В подворотне — с дворником курила,
водку в забегаловке пила…
В той шарашке двое инвалидов
(в сорок третьем брали Красный Бор)
рассказали о своих обидах, —
вот был интересный разговор!
Мы припомнили между собою,
старый пепел в сердце шевеля:
штрафники идут в разведку боем —
прямо через минные поля!
Кто-нибудь вернется награжденный,
остальные лягут здесь — тихи,
искупая кровью забубенной
все свои небывшие грехи!
И соображая еле-еле,
я сказала в гневе, во хмелю:
«Как мне наши праведники надоели,
как я наших грешников люблю!»
Это совершенно гениальные стихи, хотя дневниковые и корявые немного, и в общем ни на что не претендующие. Но в них есть вот это чувство все-таки сопричастности, чувство, кстати, очень присущее и Твардовскому, с которым она дружила, они ровесники, он с десятого года. Вот есть это чувство все-таки родства, все-таки сопричастности к народу. Ну правда, тогда еще был тот народ, сопричастностью к которому можно было гордиться. Вырождение шло очень быстро, и она сама тому свидетель, но те настоящие люди, с которыми она бедовала в блокаду, они действительно ее еще окружали.
Когда Ахматова в стихотворении «Так не зря мы вместе бедовали» говорит: «Вместе с вами я в ногах валялась у кровавой куклы палача», — она преувеличивает свою вину и общность свою с теми, кто валялся в ногах. Она все-таки была совершенно отдельно. И у нее вообще был опыт этой отдельности. А Берггольц наоборот, мне кажется, сумела состояться именно благодаря тому, что всегда ощущала себя одной из многих. У нее не было той гордыни, которая была ахматовской опорой.
Кстати говоря, может быть, именно отсутствие этой гордыни, именно отсутствие этой уверенности (а в дневниках оно тоже очень чувствуется), оно и привело к тому, что Берггольц фактически спивалась с пятидесятых годов до середины семидесятых, писала все реже. Написала только первую замечательную часть автобиографической повести «Дневные звезды», но написать вторую, про войну и про блокаду, и про лагерь — ну не про лагерь, а про пребывание свое в «Крестах» — она уже не смогла. Не смогла, может быть, конечно, не из-за болезни психической, не смогла скорее из-за заведомой непубликабельности этого.
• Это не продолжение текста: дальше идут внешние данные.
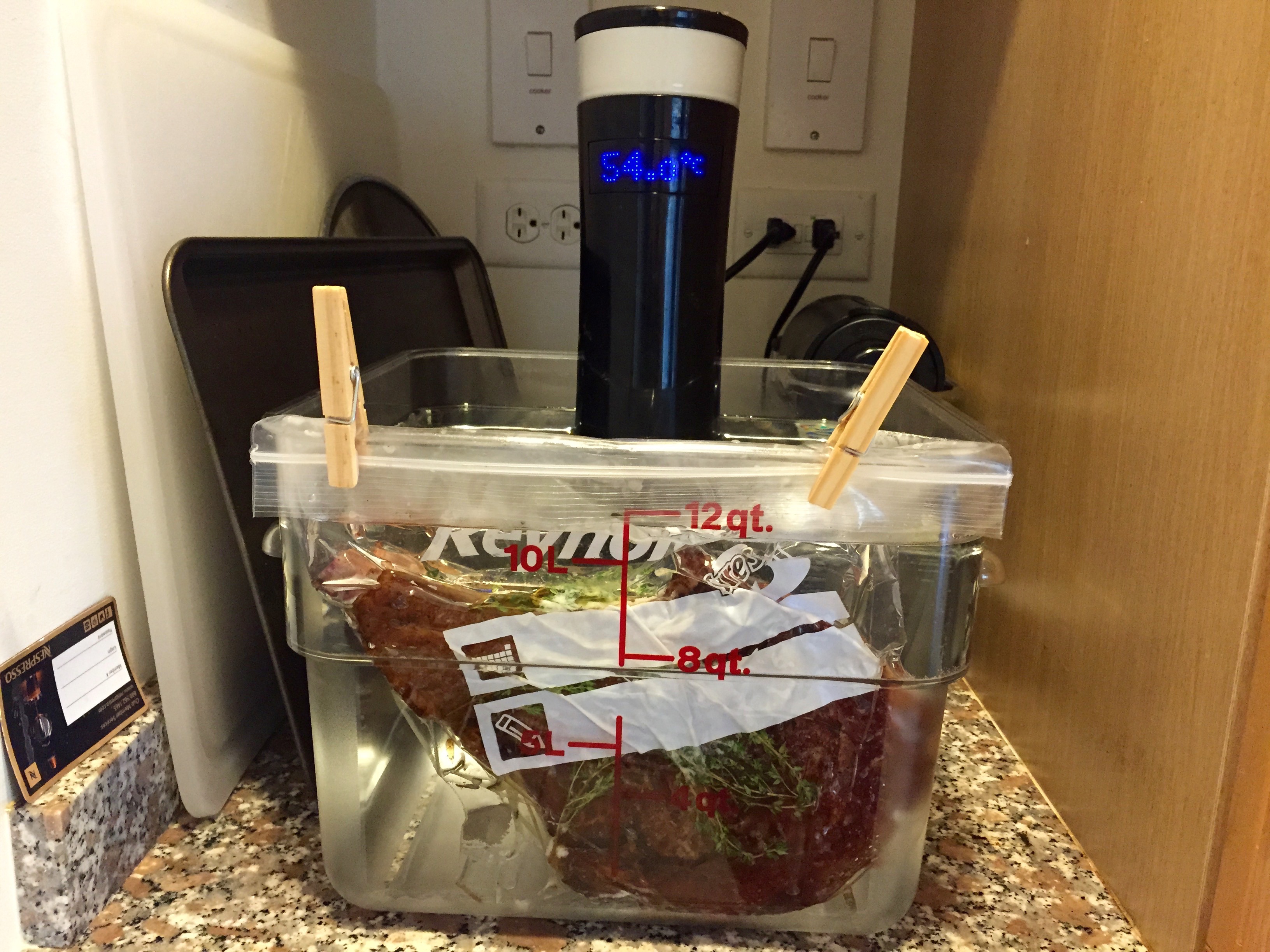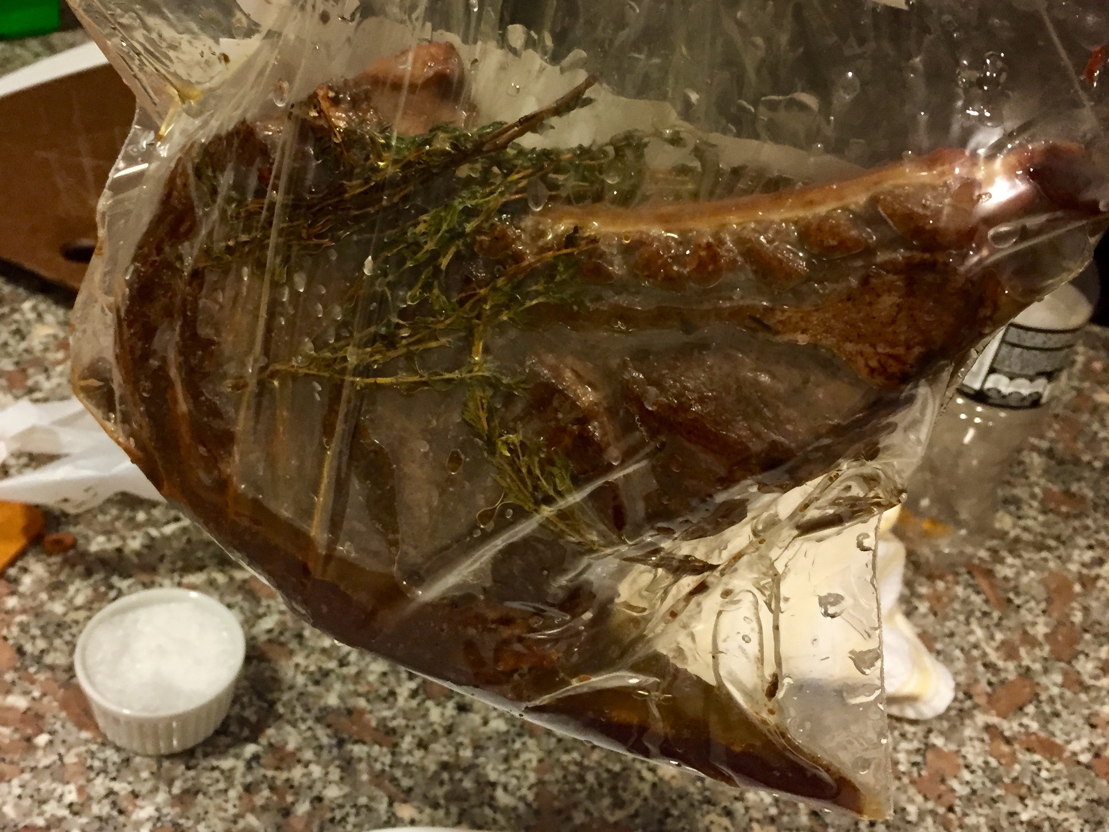 Meanwhile I caramelize onions, as well as brown another lot of onions with carrots and celery until color forms on the bottom of the pot/pan. Deglaze all the pans with white wine and add all the ingredients together. Add water to fill the pot to the top. I also add some chopped pancetta for flavor. Cook on very low heat for 6 hours. Remove the lid after a few hours to encourage evaporation. We want a nice thick sauce left at the end. Add more water during cooking if necessary. After six hours the meat should be falling off the bone.

А может быть, ей не хватало чувства ахматовской правоты, той высоты, с которой можно было бы писать.
Берггольц показала удивительную закономерность, она показала, что настоящий советский человек, идеальный советский человек, может выдержать войну, может выдержать любые испытания, но не выдерживает скуки, пустоты и страха. Не выдерживает безвременья. И, может быть, поэтому нация сумела доблестно и прекрасно победить, но стала гнить и разлагаться в последующее время, когда такого масштаба испытаний уже не было. Берггольц действительно достигла своего высшего творческого расцвета в стихах после тюрьмы и в блокадных ленинградских стихах. Несколько шедевров у нее еще было в первой половине пятидесятых. После этого, когда по сути дела стагнировала и гнила вся страна, у нее совершенно исчез какой-либо стимул писать, печататься, жить. В шестьдесят первом она развелась с Макогоненко, хотя продолжала с ним общаться до конца.
Вообще последние десять лет ее жизни — это мука мученическая. И самое главное, что и когда умерла-то она, о ее смерти сообщили несколькими скупыми строчками, потому что опасались демонстраций, опасались, что блокадники придут почтить своего поэта. А это еще был год тридцатилетия Победы, она умерла в семьдесят пятом, в шестьдесят пять лет. И вот когда ее пришли почтить, то ее фактически спрятали от города. Единственный человек, кроме многочисленных начальников и стукачей, которому удалось какие-то искренние слова сказать на ее могиле, был Федор Абрамов. В остальном ее смерть попытались всячески забыть. Это, конечно, не зря она говорила в свой последний день рождения: «Шестьдесят пять лет! Кажется, на мне кавказский горный хребет». Действительно, на нее страшно много было нагружено жизнью, и страшный гнет, который другого человека бы расплющил.
Вообще когда я думаю о том, что все-таки советский проект состоялся, мне в первую очередь приходят на память такие люди, как Берггольц. Вот этот чудесным образом осуществившийся колоссальный поэт, который, несмотря на все свои заблуждения, которые она потом прекрасно осознавала, в которых она каялась, все-таки отличался удивительной подлинностью человеческого материала, удивительной подлинностью своего Я.